【常见决策树算法逻辑理解以及代码实现(5)】CART (代码实现,包含绘图,西瓜书示例)

使用的面向对象方式编写,主要类是Cart类,直接传入数据和属性集合,然后draw就可以

运行结果如下(每次运行属性值顺序可能会不同,由于hash问题,不用管,结果是一样的)

全部代码可下载项目https://gitee.com/TomCoCo/mLearn.git

【常见决策树算法逻辑理解以及代码实现(5)】CART (代码实现,包含绘图,西瓜书示例)_第1张图片

这里是代码,有完整的注释,可以直接运行如上图

核心方法 createTree

import math
import matplotlib.pyplot as plt
import copy

D = [
['青绿','蜷缩','浊响','清晰','凹陷','硬滑','是'],
['乌黑','蜷缩','沉闷','清晰','凹陷','硬滑','是'],
['乌黑','蜷缩','浊响','清晰','凹陷','硬滑','是'],
['青绿','蜷缩','沉闷','清晰','凹陷','硬滑','是'],
['浅白','蜷缩','浊响','清晰','凹陷','硬滑','是'],
['青绿','稍蜷','浊响','清晰','稍凹','软粘','是'],
['乌黑','稍蜷','浊响','稍糊','稍凹','软粘','是'],
['乌黑','稍蜷','浊响','清晰','稍凹','硬滑','是'],
['乌黑','稍蜷','沉闷','稍糊','稍凹','硬滑','否'],
['青绿','硬挺','清脆','清晰','平坦','软粘','否'],
['浅白','硬挺','清脆','模糊','平坦','硬滑','否'],
['浅白','蜷缩','浊响','模糊','平坦','软粘','否'],
['青绿','稍蜷','浊响','稍糊','凹陷','硬滑','否'],
['浅白','稍蜷','沉闷','稍糊','凹陷','硬滑','否'],
['乌黑','稍蜷','浊响','清晰','稍凹','软粘','否'],
['浅白','蜷缩','浊响','模糊','平坦','硬滑','否'],
['青绿','蜷缩','沉闷','稍糊','稍凹','硬滑','否']
]
A = ['色泽','根蒂','敲声','纹理','脐部','触感','好瓜']

class Cart:
    # 数据
    data = None
    # 属性集合
    attributes = None
    # 属性集合 (与下标关系),去除最后的类型判定列
    attributesAndIndex = None
    # 属性下标 (与属性可能的取值),去除最后的类型判定列
    attributesIndexAndValue = None
    # 根节点
    root = None

    def __init__(self,data,attributes):
        self.data = data       
        self.attributes = attributes
        self.attributesAndIndex = Cart.getAttributesAndIndex(attributes)
        self.attributesIndexAndValue = Cart.getAttributesAndValue(data,attributes)
        
    def draw(self):
        self.createTree(self.root,self.data,self.attributesAndIndex,None)
        tree = Tree(self.root)
        tree.drawTree()

    # attributesAndIndex 不是类的那个属性了,这个引用会在递归的过程中长度被削减
    def createTree(self,node,data,attributesAndIndex,desc):
        # 创建节点
        newNode = Node()
        # 如果传入了desc,写入
        if(desc is not None):
            newNode.desc = desc
        if node is None:
            self.root = newNode
        else:
            node.addChild(newNode)

        # 如果data中的样本属于同一类别,那么将newNode标记为C类叶节点.返回
        kMap = Cart.getKMap(data)
        if len(kMap) == 1:
            newNode.name = next(iter(kMap.keys()))
            return

        # 如果属性列表是空集,或D在A上的取值相同
        if Cart.checkDA(data,attributesAndIndex):
            # 获取数据集中较多的那个类别
            newNode.name = Cart.getMoreType(data)
            return

        # 获取最优属性下标
        bestIndex = Cart.getMinGiniIndexStrict(data,attributesAndIndex)
        newNode.name = self.attributes[bestIndex]

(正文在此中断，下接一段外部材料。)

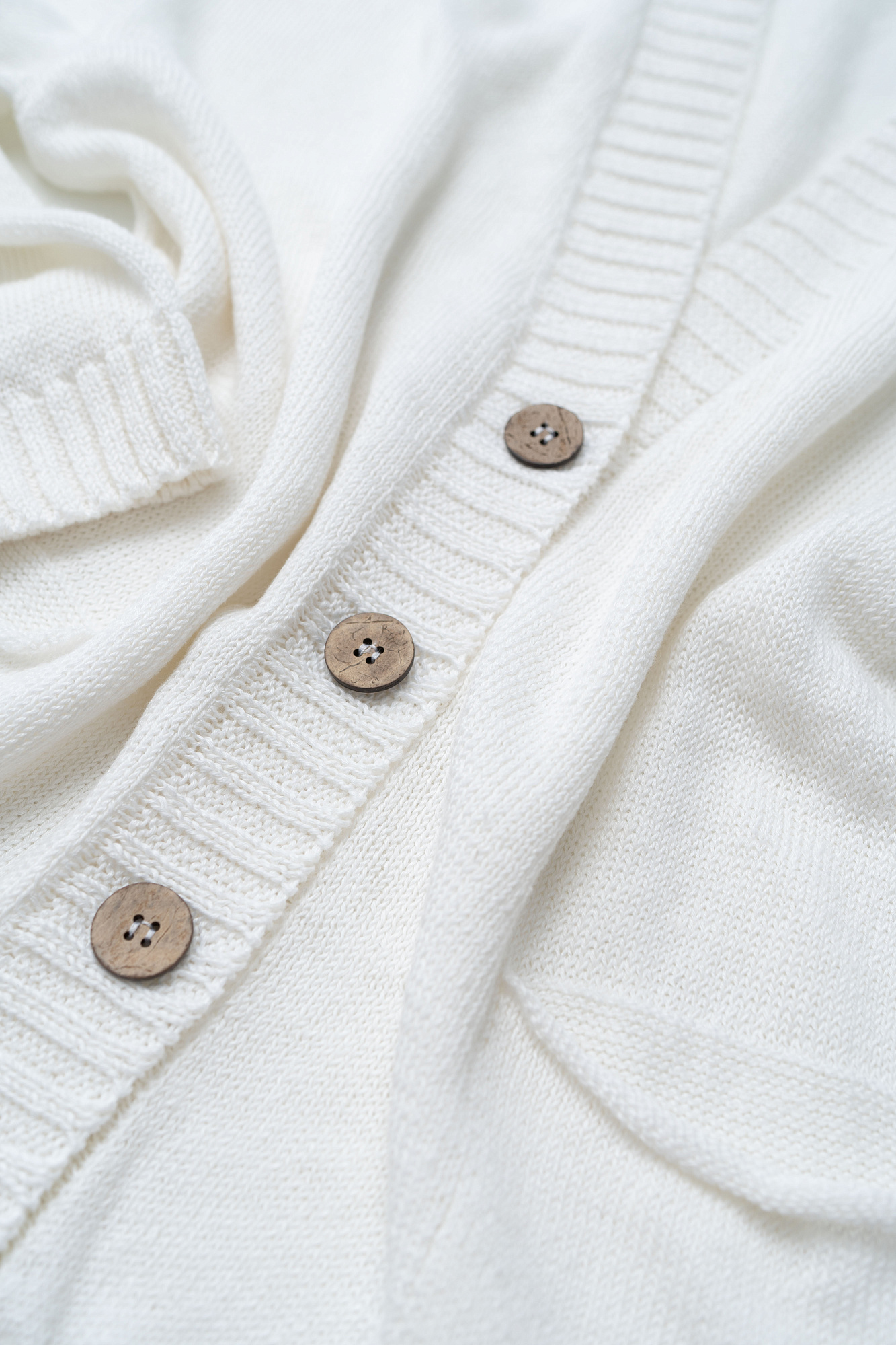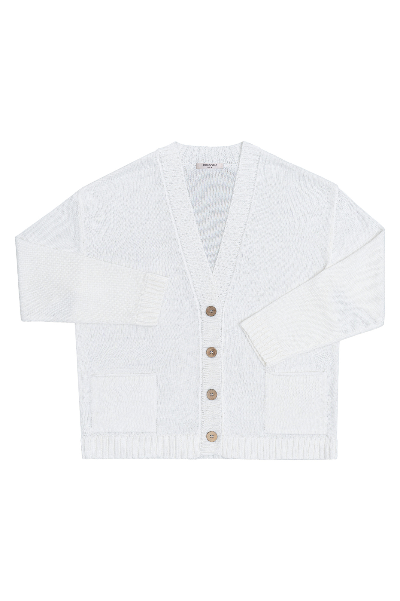 Трикотажный кардиган из 100% льна. Модель свободного кроя со спущенной линией плеча, длинным рукавом, накладными карманами и V-образным вырезом горловины. Края изделия выполнены в рубчик. Застежка на пуговицы.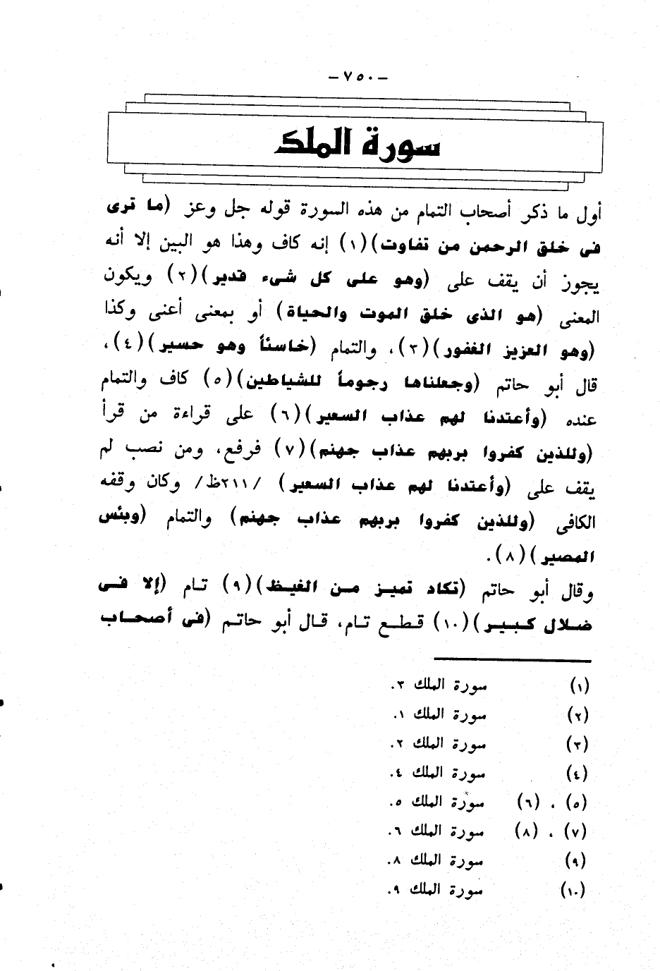 أول ما ذكر أصحاب التمام من هذه السورة قوله جل وعز {ما ترى في خلق الرحمن من تفاوت} إنه كاف وهذا هو البين إلا أنه يجوز أن يقف على {وهو على كل شيء قدير} ويكون المعنى {هو الذي خلق الموت والحياة} أو بمعنى أعني وكذا {وهو العزيز الغفور} والتمام {خاسئا وهو حسير} قال ابو حاتم {وجعلناها رجوما للشياطين} كاف والتمام عنده {وأعتدنا لهم عذاب السعير} على قراءة من قرأ {وللذين كفروا بربهم عذاب جهنم} فرفع، ومن نصب لم يقف على {وأعتدنا لهم عذاب السعير} وكان وقفه الكافي {وللذين كفروا بربهم عذاب جهنم} والتمام {وبئس المصير}.

        # 遍历最优属性的每一个属性值(从原始数据中)
        aStart = self.attributesIndexAndValue[bestIndex]
        # 按最优属性拆分数据,为多个子集
        V = Cart.splitDataByIndex(data,bestIndex)
        for aStartV in aStart:
            dv = V.get(aStartV)
            # 如果dv是空集,那么以获取数据集中较多的那个类别建立子节点
            if dv is None or len(dv) == 0:
                newLeaf = Node()
                newLeaf.name = Cart.getMoreType(data)
                newLeaf.desc = aStartV
                newNode.addChild(newLeaf)
            else:
                 # 将A抛去选中的那个
                Anew = copy.deepcopy(attributesAndIndex)
                for index,item in enumerate(Anew):
                    if next(iter(item.values())) == bestIndex:
                        Anew.pop(index)
                        break
                self.createTree(newNode,dv,Anew,aStartV)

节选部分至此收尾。